2010-02-01 09:41 BJT

BEIJING, Feb. 1 (Xinhuanet) -- NASA's grand plan to return to the moon is about to vanish with hardly a whimper with the release Monday of President Obama's budget request.

The budget numbers will show that the administration effectively plans to kill the Constellation program that called for a return to the moon by 2020. The budget is also a death knell for the Ares 1 rocket, NASA's planned successor to the space shuttle. The agency has spent billions developing the rocket, which is still years from its first scheduled crew flight.

Obama's budget, according to a background briefing by an administration official on Sunday, will call for spending 6 billion dollars over five years to develop a commercial spacecraft that could taxi astronauts low earth orbit.

Going commercial with a human crew would represent a dramatic change in the way NASA does business.

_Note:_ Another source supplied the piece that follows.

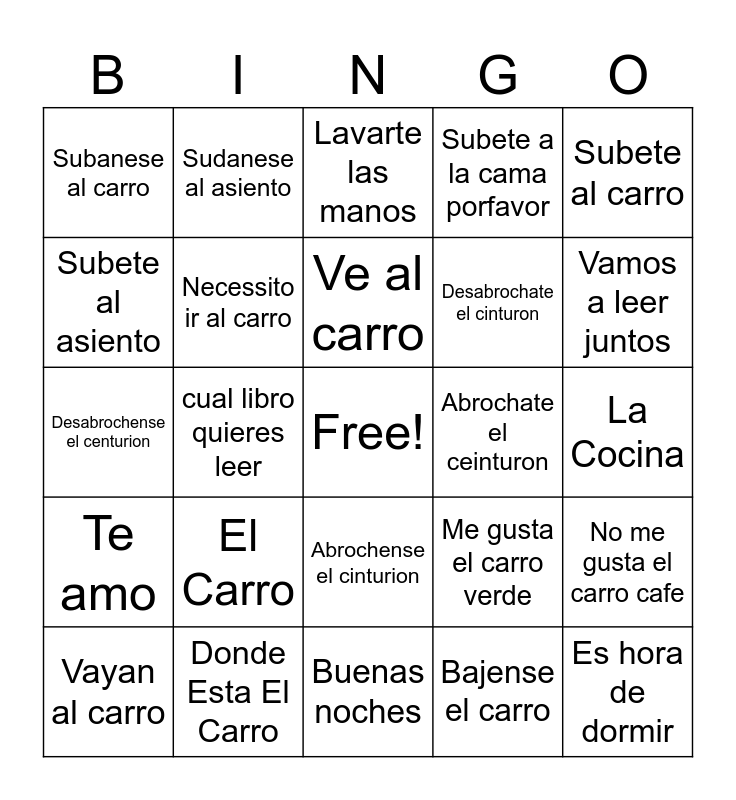 This bingo card has a free space and 24 words: El Carro, Donde Esta El Carro, Ve al carro, Vayan al carro, Subete al carro, Subanese al carro, Subete al asiento, Sudanese al asiento, Abrochate el ceinturon, Abrochense el cinturion, Desabrochate el cinturon, Desabrochense el centurion, Me gusta el carro verde, No me gusta el carro cafe, Necessito ir al carro, Bajense el carro, La Cocina, Lavarte las manos, Vamos a leer juntos, cual libro quieres leer, Es hora de dormir, Te amo, Subete a la cama porfavor and Buenas noches.

Instead of NASA owning the spacecraft and overseeing every nut and bolt of its design and construction, a private company would design and build the spacecraft with NASA looking over its shoulder.

The administration believes the new funding for the commercial program would create up to 1,700 jobs, which could help offset the expected loss of 7,000 jobs in Florida when the space shuttle is retired next year.

Although the Obama budget gives NASA a boost of more than a billion a year, it's not nearly as large an increase as the 3 billion dollars a year that a president-appointed panel said last year would be necessary for NASA to pursue a worthwhile human space flight program.

The panel favored a new strategy for NASA in which returning to the moon would be just one possible element of a broader capacity to launch astronauts beyond low earth orbit. No human beings have ventured farther than low earth orbit since the last Apollo moon landing in 1972.